[Case Study] Implementing Comprehensive Application Security Program for ACME – Pharma Company

Background
ACME is a global pharmaceutical company overseeing more than 30,000 domains. The company operates a diverse portfolio, including critical applications related to vaccine sales and lower-priority platforms like cafeteria surveys. The new CISO faced a significant challenge: determining how to best allocate resources for application security amid a lack of compliance requirements, no existing pen-testing program, and a general absence of strategic focus. Additionally, ACME had limited knowledge about its technology stack and faced issues with SSL certificate configurations.

Challenges

1. Resource Allocation Dilemma
The CISO needed to decide whether to invest more in securing high-value applications like those related to vaccine sales or lower-priority ones like cafeteria surveys, which might not pose immediate risks but could still impact the brand.
2. Lack of Structured Security Program
ACME lacked a strategic approach to application security, resulting in reactive rather than proactive measures. Without regulatory compliance driving security practices, there was no structured pen-testing or regular scanning in place.
3. Knowledge Gaps and Technology Issues
The company had limited understanding of the technology stack used across its domains.  Even an inconsistent SSL certificate configurations across domains posed potential security risks.
4. Inadequate Scanning Practices
Scans were performed on-demand by the application team without a comprehensive strategy, leading to incomplete vulnerability management.

Solution
Blueinfy was enlisted to create and implement a detailed multiyear application security program to address ACME's multifaceted challenges.

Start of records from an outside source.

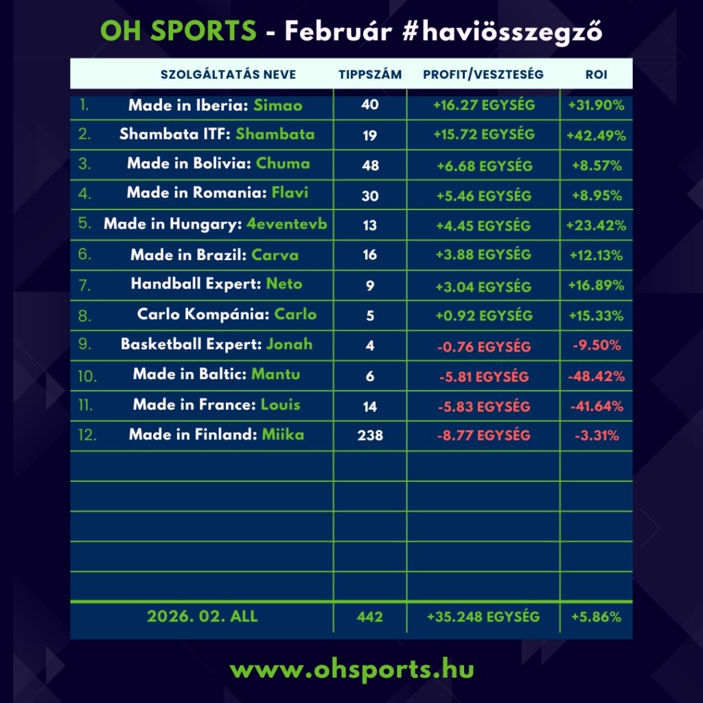 2026. 02: 442 tipp; +35.248 egység; +5.86% ROI ✅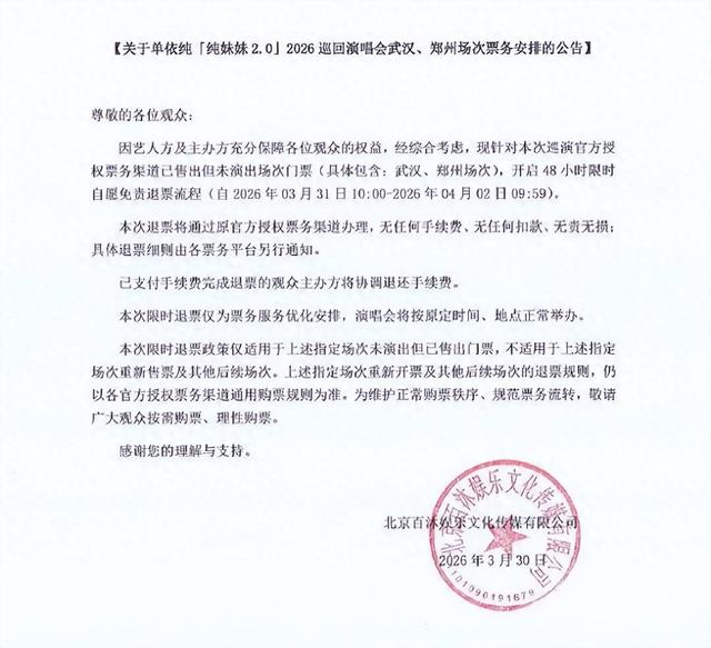 3月30日,单依纯本次巡演的主办方北京百沐娱乐文化传媒有限公司@百沐娱乐 发布“关于单依纯「纯妹妹2.0」2026巡回演唱会武汉、郑州场次票务安排的公告”,表示为保障观众权益,武汉站与郑州站开启48小时限时自愿免责退票。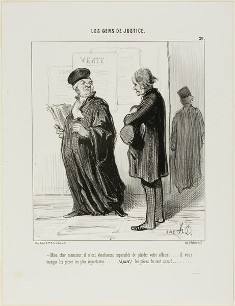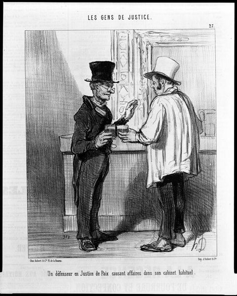 Honoré Daumier created this lithograph, titled 'A defense lawyer at the Court of Arbitration discussing business at his usual office premises' as plate 27 from Les Gens De Justice. The act of toasting, of raising a glass, has ancient roots. It can be traced back to libations offered to the gods in antiquity, a ritual of symbolic sacrifice and communion. Here, it is drained of its sacred meaning to become a sign of corruption. It shows two figures sealing a deal with a shared drink. It’s a motif that echoes through time; consider the Last Supper, where wine symbolizes a sacred oath. Yet, here, the toast is not of unity but of shady dealings. The very act of raising a glass—a gesture intended to convey goodwill—is twisted, laden with the weight of deception and moral decay. The dark humor serves as a mirror to the soul, reflecting the grim realities of human behavior.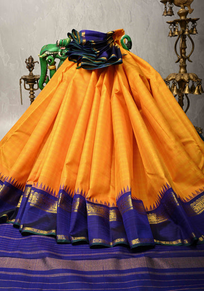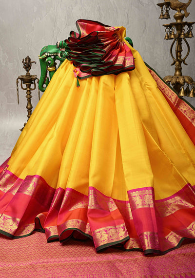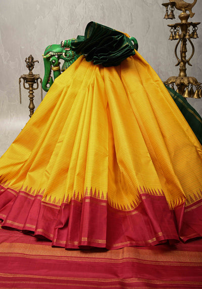 Yellow Dual Tone Pure Kanjivaram Silk Saree with Contrast Temple Border | SILK MARK CERTIFIED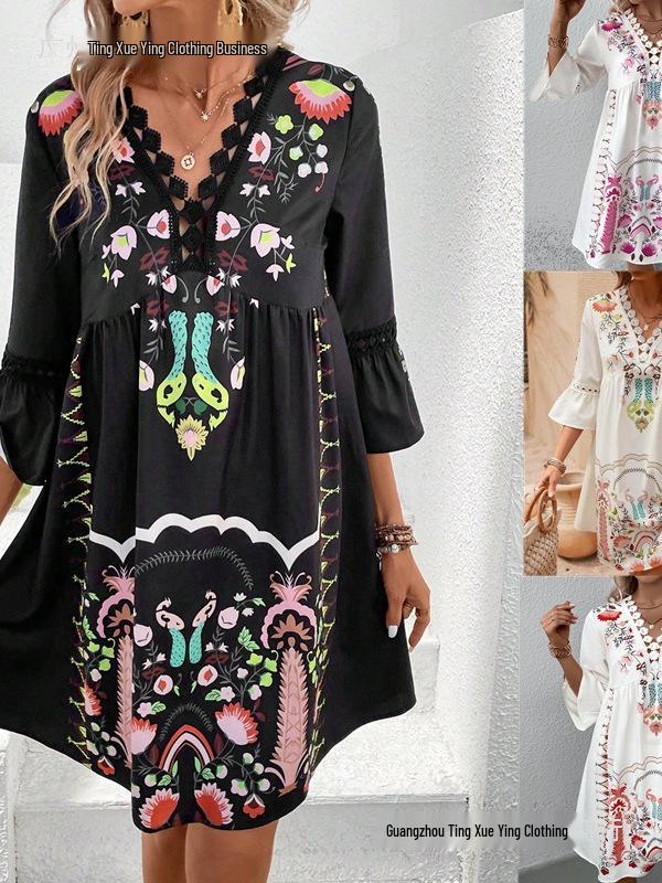 This elegant Women's Summer V-Neck Lace Patchwork Casual Printed Dress is perfect for sunny days and casual outings. Crafted from soft polyester, it offers a lightweight and breathable feel, ensuring comfort throughout the day. The dress features a flattering V-neckline and intricate lace patchwork that adds a touch of femininity and sophistication. Its eye-catching print makes it a versatile piece, suitable for brunches, beach outings, or casual gatherings.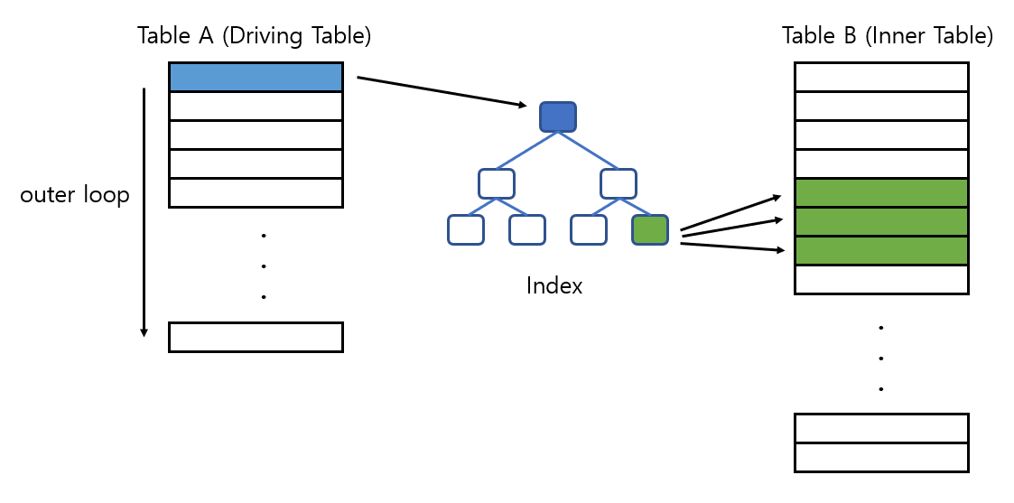 내부 테이블의 결합키에 인덱스가 존재하게 되면 Driving Table 에서 Inner Table 로 스캔을 하러 갈 때 모든 행에 대해 스캔을 할 필요가 없게 됩니다.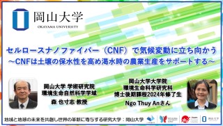 国立大学法人岡山大学(本部:岡山市北区、学長:那須保友)の学術研究院環境生命自然科学学域の森 也寸志教授と大学院環境生命科学研究科博士後期課程2024年修了生のNgo Thuy Anさんは、植物由来の新材料・セルロースナノファイバー(CNF)を使うと土壌の保水性が高まり、渇水で灌漑水が減少しても、健全な植物生長を促せることを発見しました。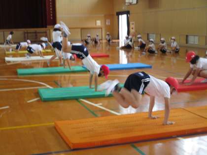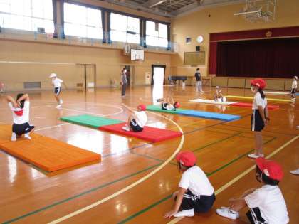 6月18日(金)2時間目、3年生は講堂で体育の授業でした。今日はマット運動で、基本の運動から前転等、順番にきちんと練習していました。基本の練習では、しっかり足をあげて上手に演技している児童がいました。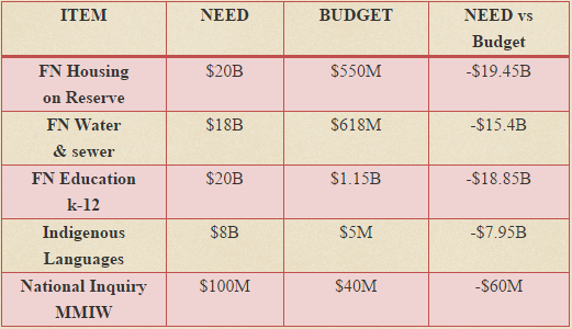 Even the amount set aside for a national inquiry into murdered and missing Indigenous women and girls pales in comparison to the costs of past inquiries. But we also have to realize that not all of the $5.3 billion is even going to go to First Nations. A large percentage is set to go to INAC, DFO, CMHC, NEB*, various political organizations and even former Liberal Prime Minister Paul Martin. So once again, the bureaucracy will benefit first. Also, due to the length of this blog, it couldn’t include any analysis of the funding deficiencies for Indigenous peoples living off-reserve or the Inuit in the north – which would only compound the grossly under-funded budget presented. There are just too many budget items to go through in the space of one blog. However, there are some glaring omissions that have to be highlighted.

Phase 1: Comprehensive Domain Profiling and Risk Assessment

1. Domain Profiling through Data Collection and Public Data Analysis
Blueinfy conducted an in-depth profiling of all 30,000+ domains (which was collected as part of DNS dumps and proprietary methodologies which gathers information from public domains). This involved collecting 60 different data points, including information about the technology stack and SSL certificate status.

2. Asset Base Reduction
Identification of expired or non-essential domains allowed ACME to streamline its application asset base, focusing on domains that required attention.

3. Risk Assessment

  • Blueinfy worked closely with ACME to assign risk levels to each domain (High, Medium, Low) based on predefined criteria such as handling PII, PHI, login functionalities, and e-commerce.
  • A new policy was developed, mandating regular scans and pen-testing based on the risk rating of each domain, ensuring that high-risk domains received prioritized attention.

4. Vulnerability Discovery

  • The profiling identified domains hosting viruses due to sub-domain takeover vulnerabilities.
  • Numerous SSL certificate-related vulnerabilities were discovered, including expired certificates and misconfigurations.
  • Numerous domains were discovered where admin interface were accessible with default credentials.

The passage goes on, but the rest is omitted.